▶ **Records shown**:
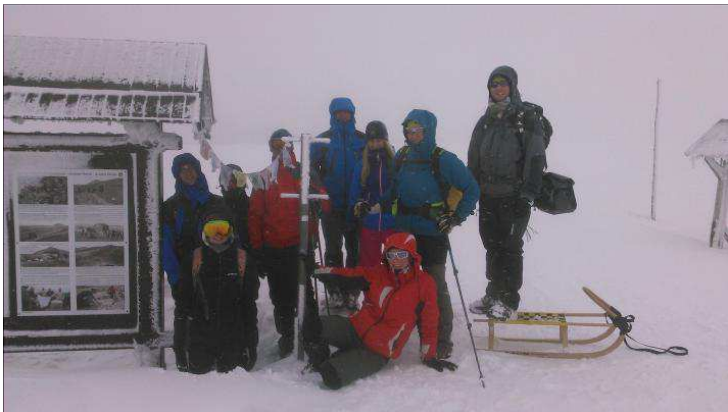
Turistika na polské hranici

nemělo. Novinkou letošního roku totiž byl plánovaný výlet na východ slunce na Sněžce. Blahouš byl demokraticky vybrán vedoucím výletu a bylo i docela dost zájemců, ale počasí neporučíš. Neděle nám připravila nárazový vítr, nízkou oblačnost a drobné sněžení.
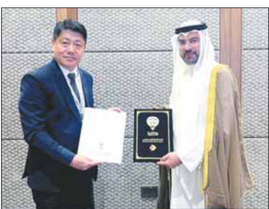
الشيخ حمود المبارك ووكيل الطيران المدني فيع الهند

حول الأحداث المقبلة الخاصة بالطيران المدني على الصعيدين الإقليمي والعالمي. وأشار إلى أنه التقى أيضاً رئيس الطيران المدني في الدومينيكان هكتور بورتيلو حيث وجه التهنئة له للحصول بلاده على موافقة منظمة الطيران المدني الدولي (إيكاو) على شرف تنظيم مؤتمر (إيكان) لعام 2025 معرباً عن تمنياته للدومينيكان بكل التوفيق والنجاح مع تقديم سبل التعاون معها لإنجاح هذا الحدث العالمي.
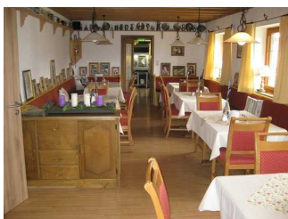
Tische und Stühle im Andreasstüberl.
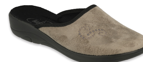
036 552D014 36-41 szary, šedý, gray
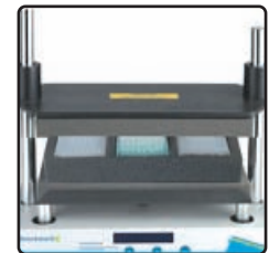
3 x microplates/96 Well Tube Racks

▶ **Required action**:
Using the listing above, write out exactly the lines from the one that holds "Tische und Stühle im Andreasstüberl." through the last line, both included, and omit pictures.

▶ **Output**:
Tische und Stühle im Andreasstüberl.
036 552D014 36-41 szary, šedý, gray
3 x microplates/96 Well Tube Racks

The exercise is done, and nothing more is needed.